ナイチンゲールの沈黙(上) [宝島社文庫] (宝島社文庫 C か 1-3 「このミス」大賞シリーズ)

ナイチンゲールの沈黙(上) [宝島社文庫] (宝島社文庫 C か 1-3 「このミス」大賞シリーズ)

  • 作者: 海堂尊
  • 出版社/メーカー: 宝島社
  • 発売日: 2008/09/03
  • メディア: 文庫

ナイチンゲールの沈黙(下) [宝島社文庫] (宝島社文庫 C か 1-4 「このミス」大賞シリーズ)

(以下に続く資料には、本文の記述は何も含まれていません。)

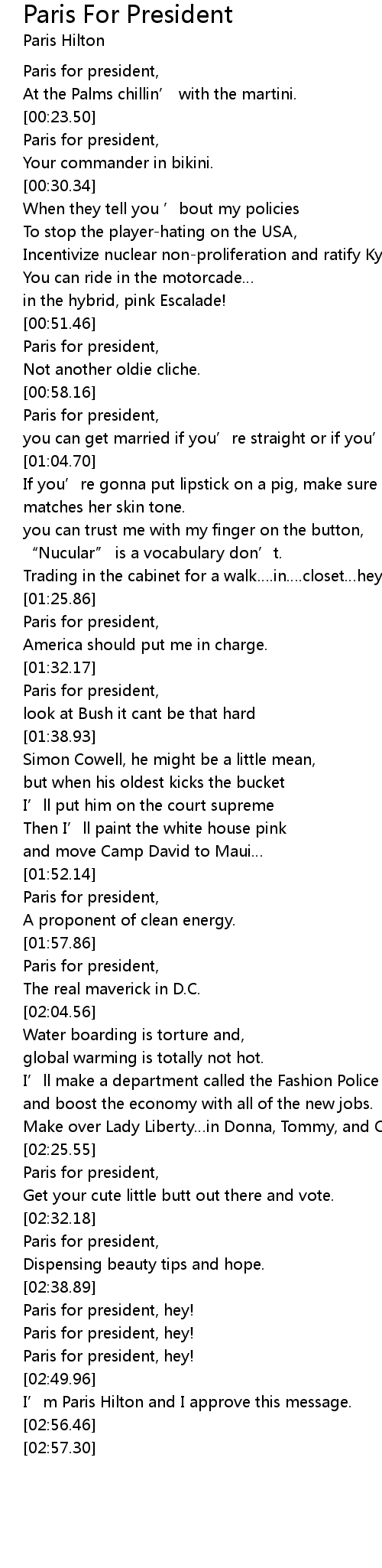 | [02:53.95] | I’m Paris Hilton and I approve this message. |

ナイチンゲールの沈黙(下) [宝島社文庫] (宝島社文庫 C か 1-4 「このミス」大賞シリーズ)

  • 作者: 海堂尊
  • 出版社/メーカー: 宝島社
  • 発売日: 2008/09/03
  • メディア: 文庫

私が購入した文庫は、下巻に誤植がありました。2刷以降を買った方が良いかも知れないです。


小説 「ナイチンゲールの ちんもく」
海堂尊(かいどう たける) 宝島社文庫(各¥500 税込)
オススメ度 ★★★☆☆

(あ、ミルクティーさんとシンクロ。)

「チーム・バチスタの栄光」がテレビドラマになるんですね。設定が元に戻る(主人公が男性)のは大賛成なんだけど、白鳥氏のキャストはどうかなー、やっぱカッコ良すぎるんじゃないのかなー。もっと、こう、ダメダメな感じの人が良いと思うんだけどナー。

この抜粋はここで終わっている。